An hour after that, I was floating on a bamboo raft down the river.
After entering the park, there’s a bus system to take you to various places, and at the bamboo raft station, you have to make groups of eight people to fit on a raft.
The group that included me was really nice, and while making our way down the river, they would translate key points the guide was telling them about.
The views from the raft were amazing, and it took about two hours to make our way to the landing.
Yesterday, while building the itinerary, the hotel owner drew a map for me to use and explained what was what. Of course, I have forgotten pretty much everything by now, including place names and bus stops, so I had to wing it.
The first attempt was a bad one, as I thought I could make my way up a mountainside and continue on from there. Instead, the trails were not connected, and I had to backtrack to continue my way. The views from the top were from the city, not what I was looking for. That was an hour wasted already.
During the ascent, there was one part where you had to climb stairs to get up, but the way that they managed to get stairs here was that the first five steps were only small stumps in the side-wall, before becoming complete steps again. This was without a doubt one of the dogiest things I’ve done.

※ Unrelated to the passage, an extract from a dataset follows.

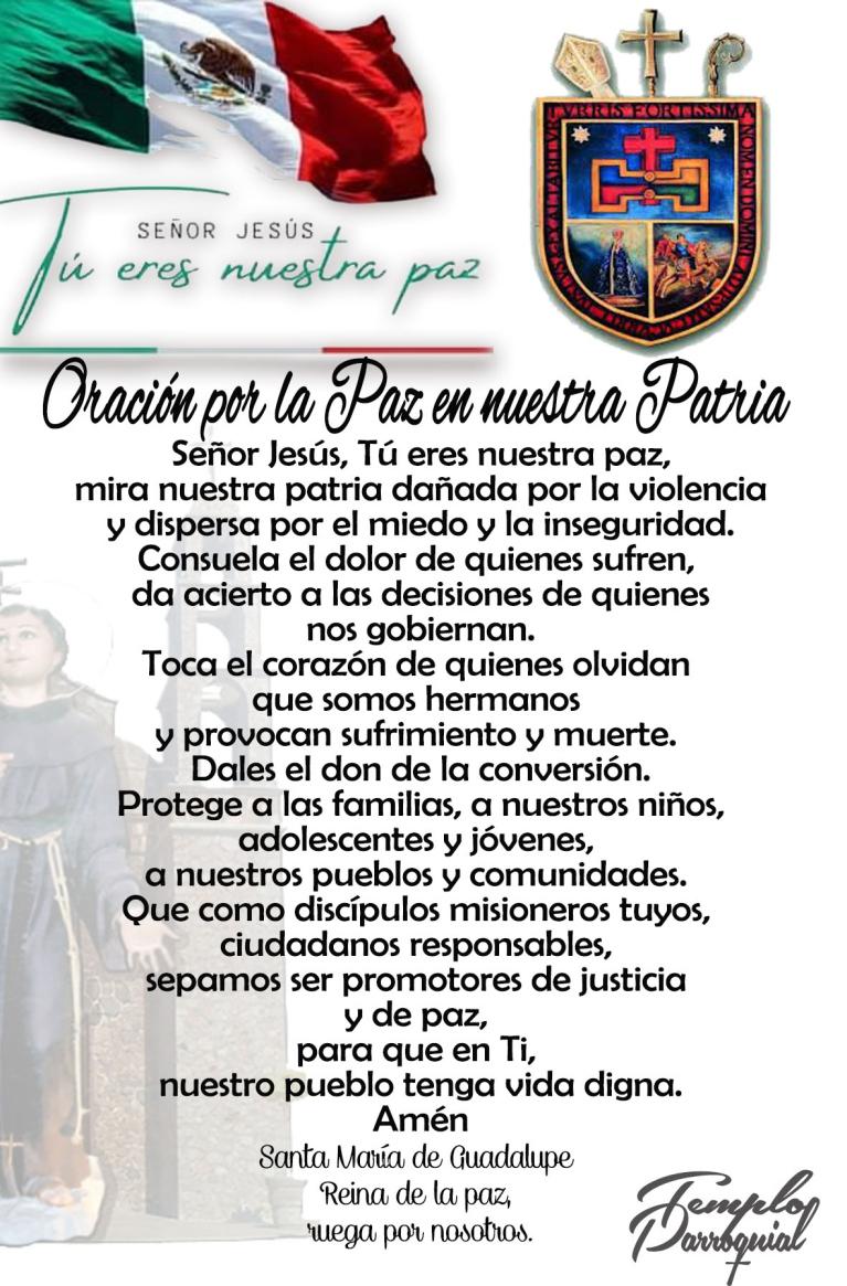 Mons. Don Fidencio López Plaza X Obispo de la Diócesis de Querétaro, nuevamente vuelve a invitarnos a unirnosenoraciónporlapazdenuestros,pueblos,ciudades, estadosypaís.

The next attempt went better; I found a trail to one of the more famous peaks that I could walk instead of taking the bus.
I was the only one on the trail, and it would cross many tea plantations. (This place is famous for being the source of black tea).
During the raft, we noticed a blackened mountainside with an old trail going along it. And I found myself on that trail a few hours later.
It was sunny, and I lost a lot of sweat during the climb, but the view was worth it. I also ran out of water halfway through, which was not ideal.
What was also worth it was that I was completely alone, as everyone else opted for the bus and a nicely paved road up instead.
At the top, there were some stalls selling food and, more importantly, drinks!
While researching this scenic area, most guides recommended a certain pavilion that would have great views.
I could see it from the top and made my way there. Along the way, I was stopped by some people coming up, and they tried to explain something that I couldn’t quite get.
It was only all the way to the bottom that I noticed the huge “This is a one-way trail” sign...
For now, I was still blissfully unaware, and halfway through, I wasn’t the only one going in the wrong direction.
The views from the pavilion were indeed really nice, but the views from my lonely hike were better.
Finally, at the bottom, there was still a bit of time left to climb another viewing point, but I was done for the day and took the bus back to the entrance and a taxi to the hotel.
They had dinner at the hotel, which wasn’t great, unfortunately, once again confirming the late Anthony Bourdain’s famous quote to never dine at your own hotel.